Simple SD data logging solution - working

Hello all,

Storing data on SD takes more than 10 ms, so it is impossible to store data at 100 Hz sample rate in between subsequent samples. The supposed solutions I found on the internet were getting complicated very fast. I wanted something that was both beginner friendly and working at higher sample rates.

The code below is what I came up with. I used a Pro Micro, but I think it will run fine on an Uno or Nano as well. It is currently storing data from a counter at 1000 Hz without missing any 'measurements'.

I hereby challenge all experienced programmers (which I am not) to improve on this code by either making it more beginner friendly or by make it performing better without getting more complicated.

/**************************************************************************

  Problem fixed by this sketch:

    Writing data to SD takes more than 10 ms.
    At 100 Hz sample rate it is impossible to write data to SD between subsequent samples.

  Solution:

    Timer interrupt will sample data into a buffer.
    When the first or second half of the buffer has just been filled, it will toggle the main loop to store that half on SD.

 **************************************************************************/

#include <TimerOne.h>
#include <SPI.h>
#include <SdFat.h>
SdFat SD;

#define SD_CS       A1

File dataFile;

int buf[200];
boolean Aready=false;
boolean Bready=false;

int aap=0;
int counter=0;

void setup(void) {
  if (!SD.begin(SD_CS)) {
    while (1);
  }
  dataFile = SD.open("test.csv", O_WRITE | O_CREAT );
  for (int i = 0; i<200; i++)
    buf[i] = 0;
  Timer1.initialize(1000); // 1000 Hz sampling rate
  Timer1.attachInterrupt( ISRtimer1 );
}

void loop() {
  WriteSD();
}

void WriteSD() {
  if(Aready){
    Aready=false;
    for (int i=0;i<100;i++){
      dataFile.print(String(buf[i])+",");
    }
    dataFile.flush();
  }
  if(Bready){
    Bready=false;
    for (int i=100;i<200;i++){
      dataFile.print(String(buf[i])+",");
    }
    dataFile.flush();
  }
}

void ISRtimer1()
{
  aap++;
  buf[counter]=aap;  // aap could be an AnalogRead
  counter++;
  if(counter==100) Aready=true;
  if(counter==200) {
    counter=0;
    Bready=true;
  }
}

Does this code actually work on a Nano or Uno? It didn't for me. It created the file, but that's all.

I just tried using a Nano and it worked as intended. The Uno uses the same microcontroller as the Nano, so should be the same. It takes between 1 to 2 seconds to start and then it pushes out about 5 KB/s in comma separated format: "1,2,3,4,5,6,7,8,9,10,11,12,13,14,".

The fact that the file is created suggest you connected SPI correct. I don't know why yours isn't working. Is your setup working when you upload a standard ReadWrite example from the SD library?

Ok, sorry, I must have had a bad connection or something. It's working now on my Nano.

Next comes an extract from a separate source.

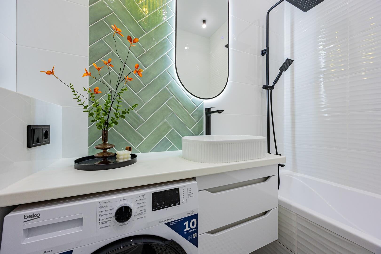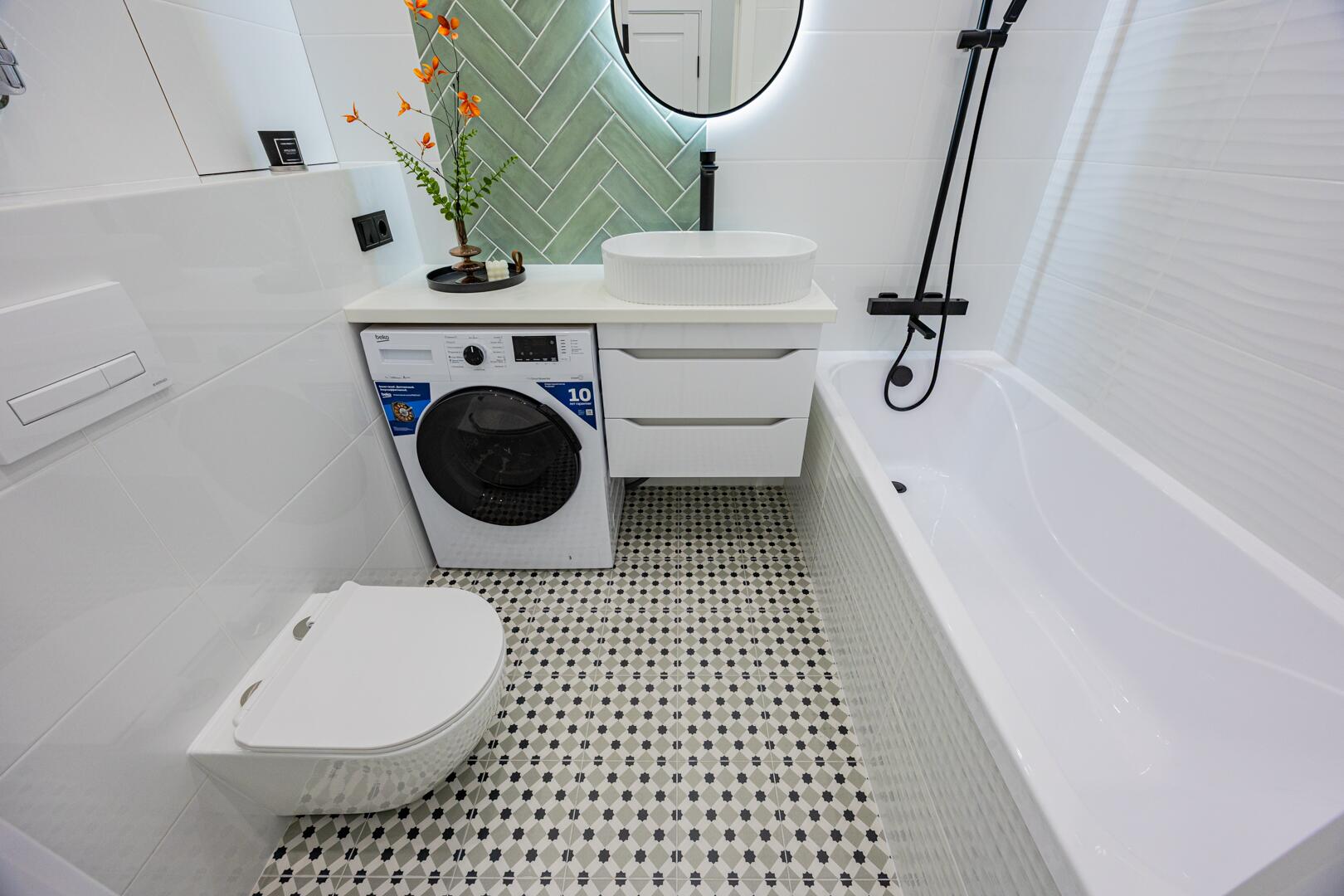 ∙ В санузле итальянская плитка, сантехника премиального класса, стиральная машина.

Well I'm not an expert programmer, but would offer a few suggestions:

As I understand it, all SD libraries store the data that's to be written to a card in their own buffer until they've accumulated 512 bytes, then they write all of that to the card. That's because you can only write a full sector (512 bytes) at a time, not less.

But I think it is critical to a fast logging speed to have at least one additional buffer to accumulate loggings for when extra time is required to write a sector . And your interrupt-driven data samplings is perfect for that.

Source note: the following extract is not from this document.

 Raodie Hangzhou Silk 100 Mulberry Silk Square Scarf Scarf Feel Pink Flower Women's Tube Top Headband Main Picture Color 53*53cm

The way I see it would be to set up a circular buffer to accumulate the data samples. The ISR would fill that buffer, and the main() loop would extract the entries and print them to the card as they become available. The library will take care of the second buffering, so most of the time when you print a value to the card, it will just go into the library's buffer.

It's not critical, but might save some time, if all the resulting csv values are the same length, with leading zeros or spaces, and that length, including the comma, divides evenly into 512.

Flushing is very time consuming, and unnecessary if you can simply close the file at the end of the logging session. My understanding is that flushing is essentially the same as closing the file, which requires not only writing out any remaining data and needed fill, but also updating the directory entry to reflect the new file size, the FAT table to reflect which clusters have been used, and the second copy of the fat in the same way. That's a lot of read/modify/write of sectors, which takes a while. Also, if you flush and it's not on a sector boundary, resuming writing after that can require reading back in the last sector and figuring out where in that sector the actual data left off. So if you can, it's really better to just keep writing the sectors and let the library adjust all the file system entries when your done.